I wanted to take the time to share part of my journey so far. Today I’m talking about body image, how it has played a role in my life and the slow process of learning to love myself.
For as long as I can remember, I’ve struggled with body image, disordered eating and some mental illness that have all stuck with me in some way to form some pretty unhappy thoughts about my body. I’ve been diagnosed with type two diabetes and PCOS within months of each other. It’s been a rough road.

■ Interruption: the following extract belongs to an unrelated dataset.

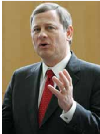
Hon. John G. Roberts, Jr.

Vice President and General Counsel, General Motors North America, September 22, 2008. Diversity as an Imperative in the Legal Profession

Most recently, I was seeing a new OBGYN to try and get some long term treatment for the severe endometriosis I am battling and advice on things I can continue to do dealing with PCOS and the issues I’m facing with it. It has been so bad in the last year and has sent me to the ER several times and left me with no help from a few medical professionals.
When I walked into the appointment, I was hopeful. My mom was with me for support and I left shaking – angry, upset and hurt. It started a downward spiral. The doctor I saw that morning flat out told me that I was fat, and she would do nothing to help me other than throw pills at me. She made it very clear she had no interest in helping me at all.
A few weeks later, I flew into Tennessee to visit my girlfriend and one afternoon while we are shopping I had a complete breakdown because I was so uncomfortable, but the outfits I loved just didn’t FEEL right. I went on and on about how this doctor had treated me, how it triggered a lot of horrible thoughts, had started a pattern of disordered eating.
I’m going to be completely honest – that entire situation with the doctor and what unfolded in the weeks following was probably one of the hardest things I’ve had to deal with. I was so unsure about my body, myself. I felt like a small, scared child unsure of what to do and the doctors words and treatment of me left me scarred and struggling.
For a while, I blocked it out. I was numb. I was upset. I was shocked. I was already uncomfortable in my own body. What that appointment left me with was a lot of hurt that surfaced again. I really struggled but I didn’t open up to people about the situation. I felt judged and looked down on enough with that single appointment.
When it all came floating to the surface, I had no choice but to face what happened. I had gone from someone who was constantly on the go, biking at least 20 miles a week for years to someone who had been in the ER several times in a year because of how severe the endometriosis had gotten.
Over the last year, I’ve become more comfortable in speaking out about my health. I’ve realized that by speaking out, I can help others. I can tell people how my life has changed. It’s also made me realize something huge. Something that within just a few days, has changed a lot of things for me.
My body is strong. It’s carried me this far already. It’s carried me through diagnosis after diagnosis. It’s carried me through some hard times growing up. It’s carried me even on the bad days where I can’t get out of bed.
I’ve started eating better. I’m doing some biking and walking. I’m not stepping onto that scale because it will only bring me back to where I was after the appointment. I’ve noticed small changes, small ones, but they are there.
I’m able to wear some of the pants I wasn’t able to wear a couple months ago, my shirts are feeling more comfortable. On the good days, I have more energy. I’m happier. I’m not looking at my body and thinking how much I hate this part or that part. I’m feeling more comfortable, and that is an amazing change for me.
I’m strong. I’m stronger than I realize and I have to thank my body for that. I have to take care of it. It’s carried me through a lot over the past year and I am thankful for that. It can carry me on the worst days.